А в скучном выражении лица надзирателя явственно читалось, что вся эта катавасия с попыткой ограбления воинского эшелона ему ну никак не в масть. Более чем уверен, местное начальство прочтёт лишь отписку, в которой не будут упомянуты никакие нижние чины, а только лишь доблестные и храбрые сотрудники златоустовской полиции, грудью вставшие на защиту государственного добра. Кое-что в мире остаётся неизменным в любую эпоху...

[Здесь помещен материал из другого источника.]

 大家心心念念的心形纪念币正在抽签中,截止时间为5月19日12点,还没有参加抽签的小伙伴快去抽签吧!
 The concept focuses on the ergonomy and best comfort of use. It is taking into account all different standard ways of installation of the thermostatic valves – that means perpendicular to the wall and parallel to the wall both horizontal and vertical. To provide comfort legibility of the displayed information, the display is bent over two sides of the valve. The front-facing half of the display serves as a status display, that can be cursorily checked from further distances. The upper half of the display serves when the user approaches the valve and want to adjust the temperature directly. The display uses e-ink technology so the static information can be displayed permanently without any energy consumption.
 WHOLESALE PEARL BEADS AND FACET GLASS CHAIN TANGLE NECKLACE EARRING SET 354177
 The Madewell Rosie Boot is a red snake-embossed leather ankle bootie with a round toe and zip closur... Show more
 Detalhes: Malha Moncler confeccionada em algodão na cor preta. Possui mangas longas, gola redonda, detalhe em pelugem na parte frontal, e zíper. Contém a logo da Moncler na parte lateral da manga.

Мы же с Семёном были отпущены на все четыре стороны с напутствием от владельца генеральских бакенбард:
- Не балуй, значица!
До своего вагона мы с Семёном дошли в полном молчании. Поднявшись в тамбур, я протянул санитару руку:
- Спасибо, Сёма. Век не забуду.
- Так я чё, я ничё, для обчества оно лучше будет. Да и Фёдор с Глебом от трибунала отвертятся.
- То-то и оно. Не рассчитал я, надо было поумнее.

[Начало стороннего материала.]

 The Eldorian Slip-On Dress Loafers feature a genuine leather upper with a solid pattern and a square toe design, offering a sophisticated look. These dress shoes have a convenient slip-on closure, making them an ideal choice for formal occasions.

- Не переживай, Гаврила. Случилось как случилось. На всё воля Господня. Значится, сегодня правда на твоей стороне была, - вот такая нехитрая философия.
Как странно, общаясь с Семёном запросто, не замечал его способностей. А тут, послушав доклад ефрейтора подпоручику, чуть не прослезился. Каков слог! И куда исчезли все эти "чё", "ничё" и прочие местечковые загибы?
Размышляя о метаморфозах ефрейторского языка, тихонько приоткрыл дверь в сестринский вагон. Пахло карболкой и спиртом. Не сильно, но так, что с мороза я пустил слезу, а затем не сдержался и чихнул.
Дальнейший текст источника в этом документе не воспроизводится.